= Material for the task =
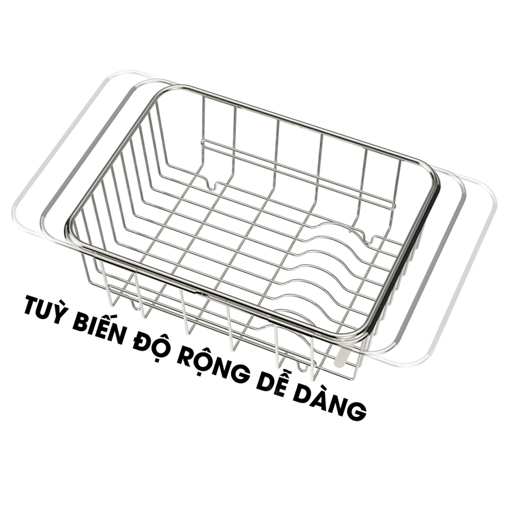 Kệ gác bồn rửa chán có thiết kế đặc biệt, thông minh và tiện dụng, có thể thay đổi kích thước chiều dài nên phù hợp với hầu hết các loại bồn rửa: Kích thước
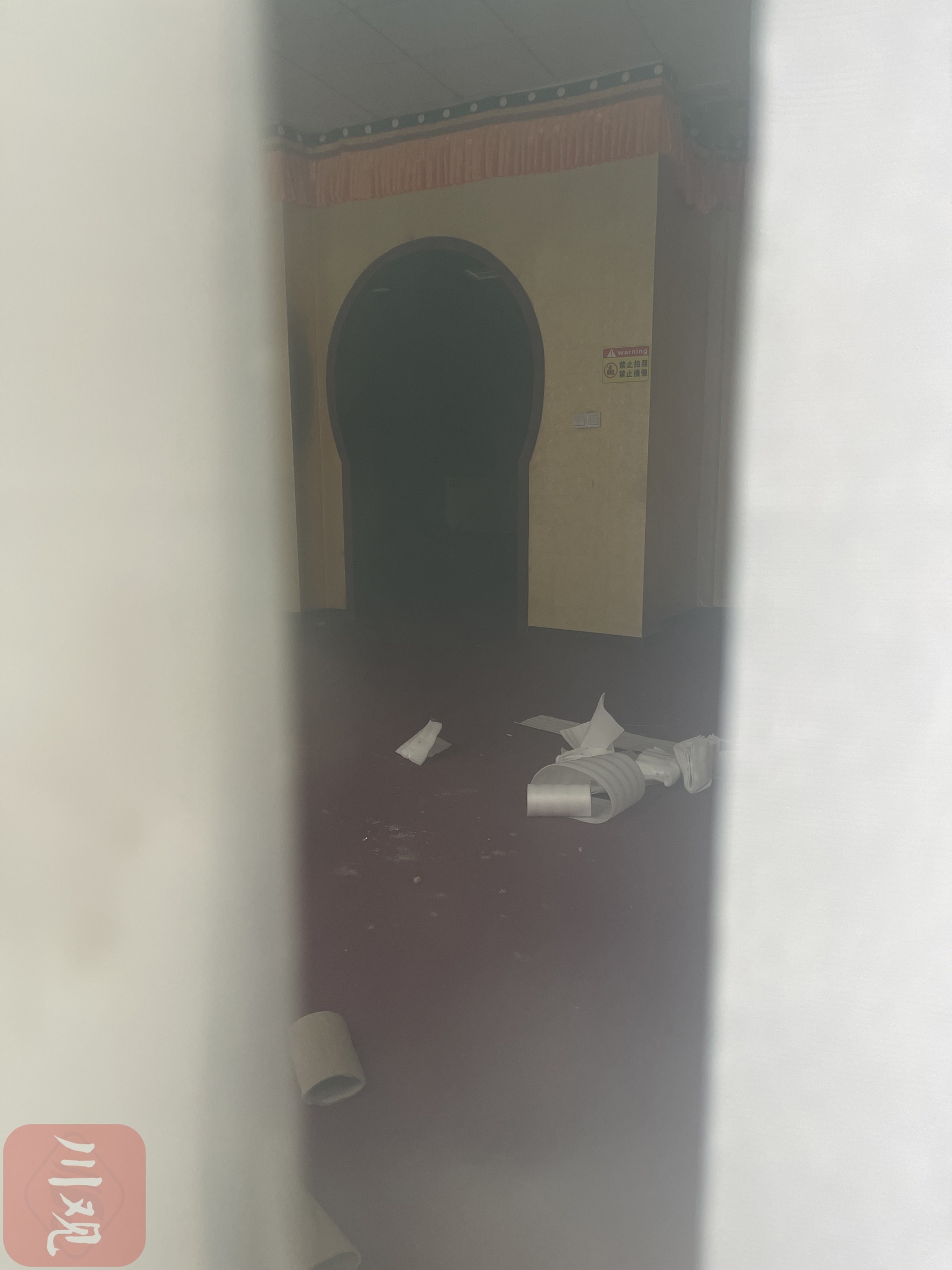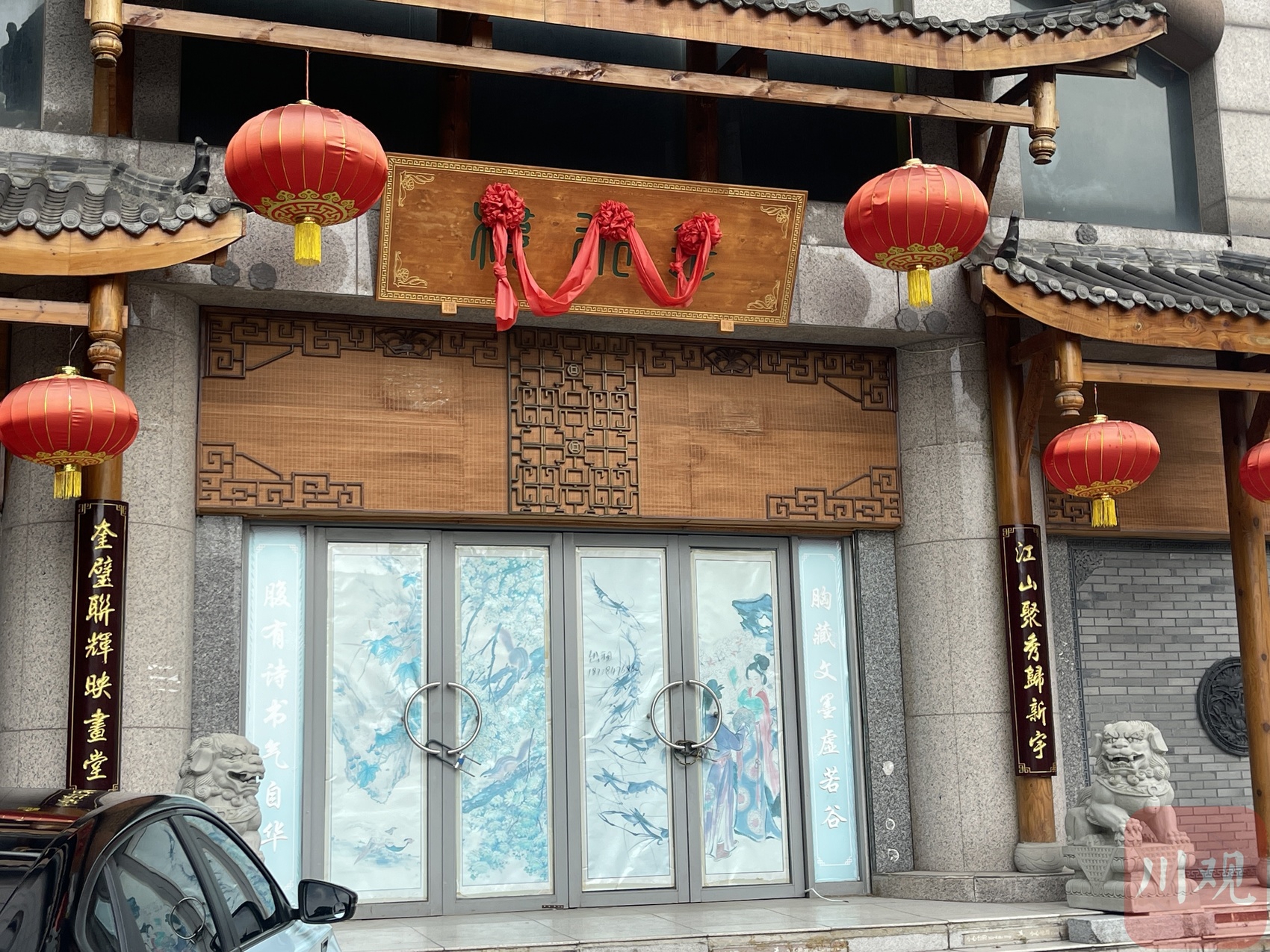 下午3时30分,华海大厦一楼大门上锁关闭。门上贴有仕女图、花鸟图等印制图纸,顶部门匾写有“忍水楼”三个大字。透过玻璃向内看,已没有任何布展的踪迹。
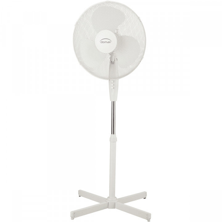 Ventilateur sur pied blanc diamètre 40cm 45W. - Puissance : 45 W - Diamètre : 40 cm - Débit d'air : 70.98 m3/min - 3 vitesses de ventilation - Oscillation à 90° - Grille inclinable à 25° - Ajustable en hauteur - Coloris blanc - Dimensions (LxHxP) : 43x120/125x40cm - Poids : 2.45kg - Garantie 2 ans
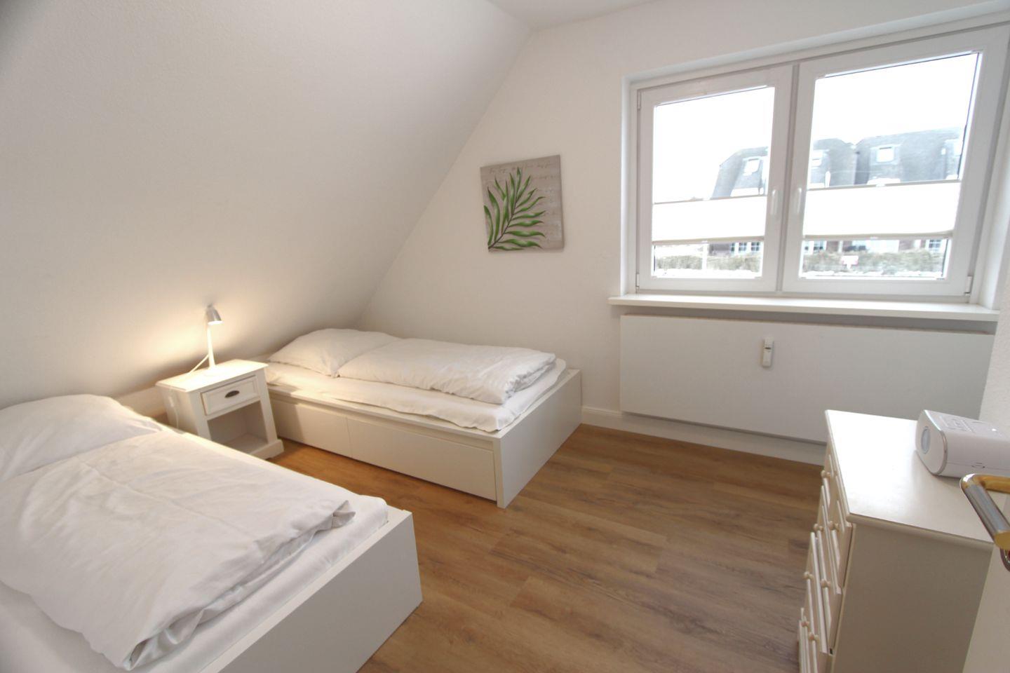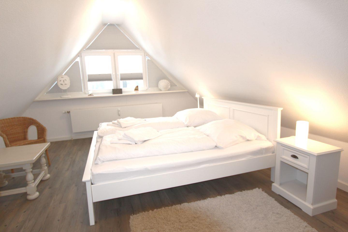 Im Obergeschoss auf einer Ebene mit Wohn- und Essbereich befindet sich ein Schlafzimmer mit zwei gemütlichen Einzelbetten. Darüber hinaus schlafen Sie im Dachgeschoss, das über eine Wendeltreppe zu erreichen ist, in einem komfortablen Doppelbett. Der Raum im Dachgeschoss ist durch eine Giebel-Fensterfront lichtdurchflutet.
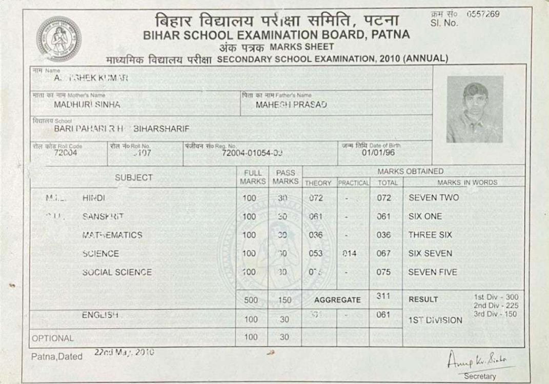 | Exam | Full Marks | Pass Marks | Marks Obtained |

= Problem to work on =
Repeat, exactly and only, the lines from the one containing "Im Obergeschoss auf" through the final line of the data, both ends included, leaving out any picture.

= Reply to the exercise =
 Im Obergeschoss auf einer Ebene mit Wohn- und Essbereich befindet sich ein Schlafzimmer mit zwei gemütlichen Einzelbetten. Darüber hinaus schlafen Sie im Dachgeschoss, das über eine Wendeltreppe zu erreichen ist, in einem komfortablen Doppelbett. Der Raum im Dachgeschoss ist durch eine Giebel-Fensterfront lichtdurchflutet.
 | Exam | Full Marks | Pass Marks | Marks Obtained |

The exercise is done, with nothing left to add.